◆ Work request ◆
A verbatim repetition of the data below is requested, without images.

◆ Dataset content ◆
——

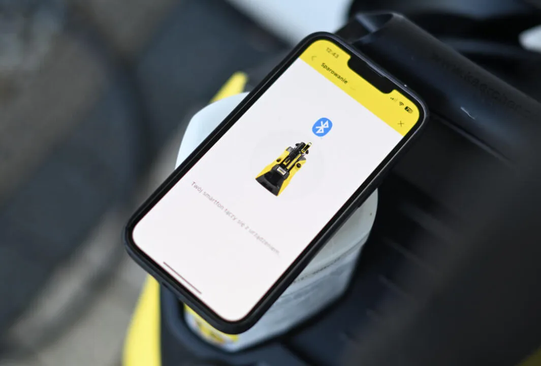 W opakowaniu znajdziemy kod QR, który po zeskanowaniu pozwoli na przypisanie urządzenia do aplikacji. Komunikacja odbywa się przez Bluetooth zatem trzeba znajdować się ze smartfonem blisko samego urządzenia. Co ciekawe, moduł łączności wbudowano nie w myjkę, a w pistolet spryskujący Smart Control z wyświetlaczem LCD.
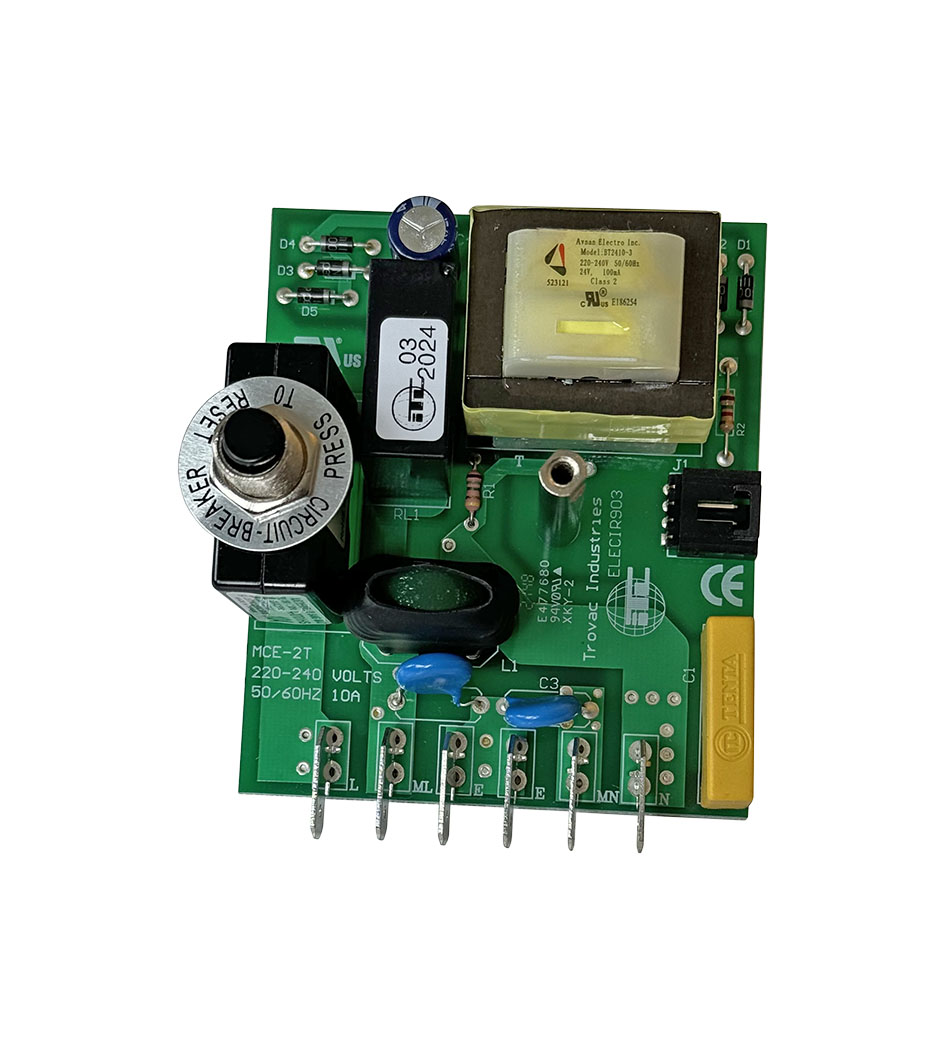 Kretskortet är utrustat med: Överströmsskydd och separat svagströmsanslutning med anslutningskontakt.
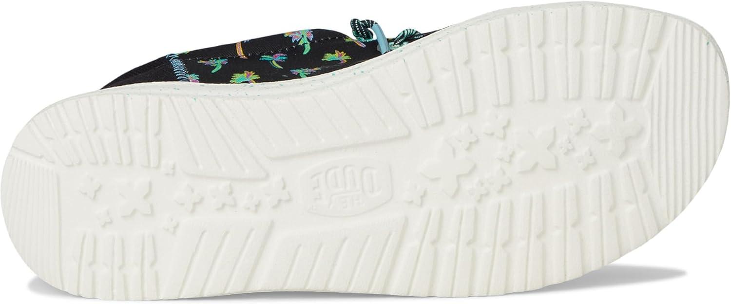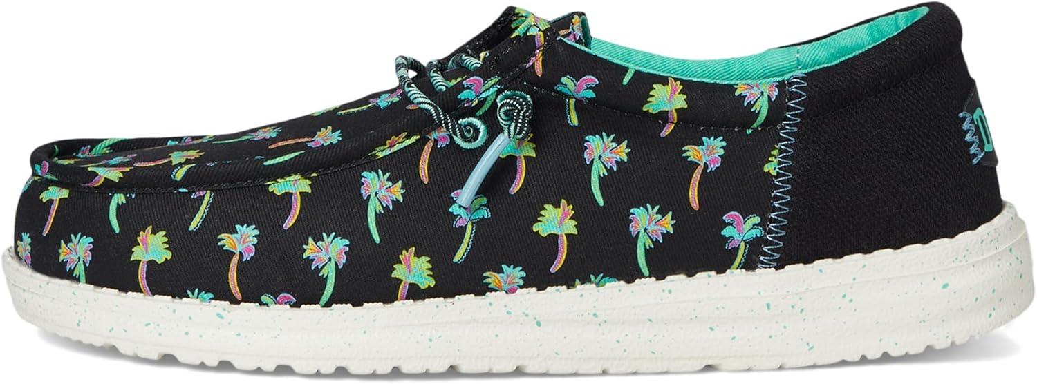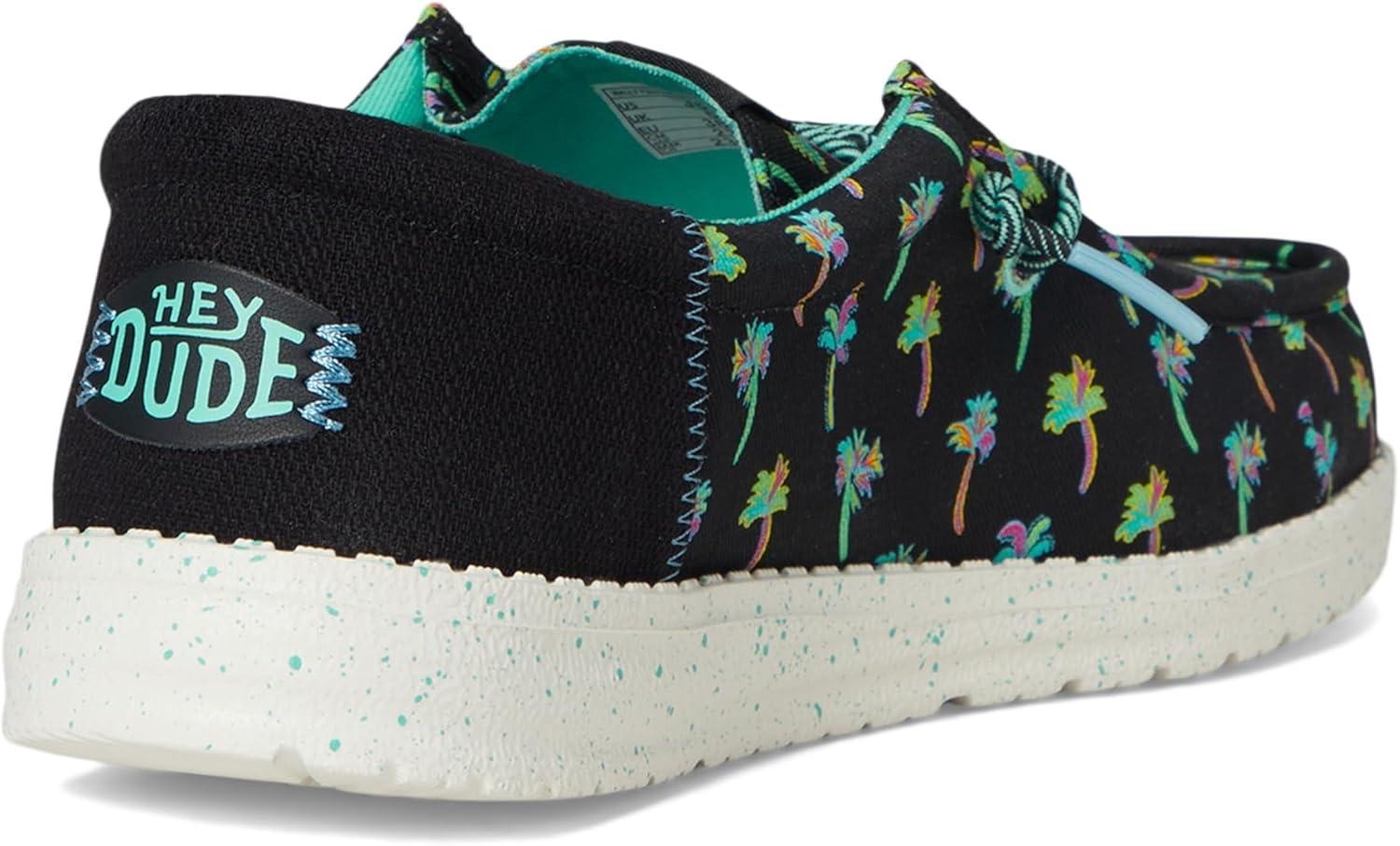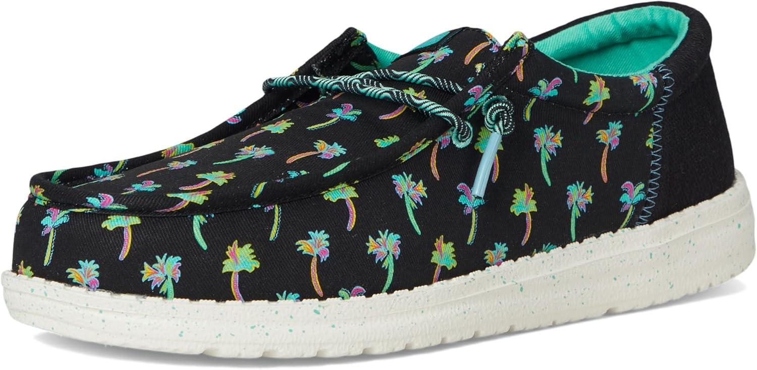 Easy, breezy, textile makes this Hey Dude Kids Wally Funk Tropical Palm slip-on sneaker ready to roam. Easy-on elasticized laces, EVA outsole, and removable insole provide go-to comfort. The removable memory foam cushioned insole provides maximum comfort and reduces sweating and odors. Flex & Fold technology: This supports healthy feet with its unique shape giving complete freedom of movement. Canvas upper and textile lining. Slip-on style. Allover tropical palm tree design. Branding on the tongue, footbed, and back heel tab. Low-top sneakers. Round toe design.

——

◆ Response below ◆
 W opakowaniu znajdziemy kod QR, który po zeskanowaniu pozwoli na przypisanie urządzenia do aplikacji. Komunikacja odbywa się przez Bluetooth zatem trzeba znajdować się ze smartfonem blisko samego urządzenia. Co ciekawe, moduł łączności wbudowano nie w myjkę, a w pistolet spryskujący Smart Control z wyświetlaczem LCD.
 Kretskortet är utrustat med: Överströmsskydd och separat svagströmsanslutning med anslutningskontakt.
 Easy, breezy, textile makes this Hey Dude Kids Wally Funk Tropical Palm slip-on sneaker ready to roam. Easy-on elasticized laces, EVA outsole, and removable insole provide go-to comfort. The removable memory foam cushioned insole provides maximum comfort and reduces sweating and odors. Flex & Fold technology: This supports healthy feet with its unique shape giving complete freedom of movement. Canvas upper and textile lining. Slip-on style. Allover tropical palm tree design. Branding on the tongue, footbed, and back heel tab. Low-top sneakers. Round toe design.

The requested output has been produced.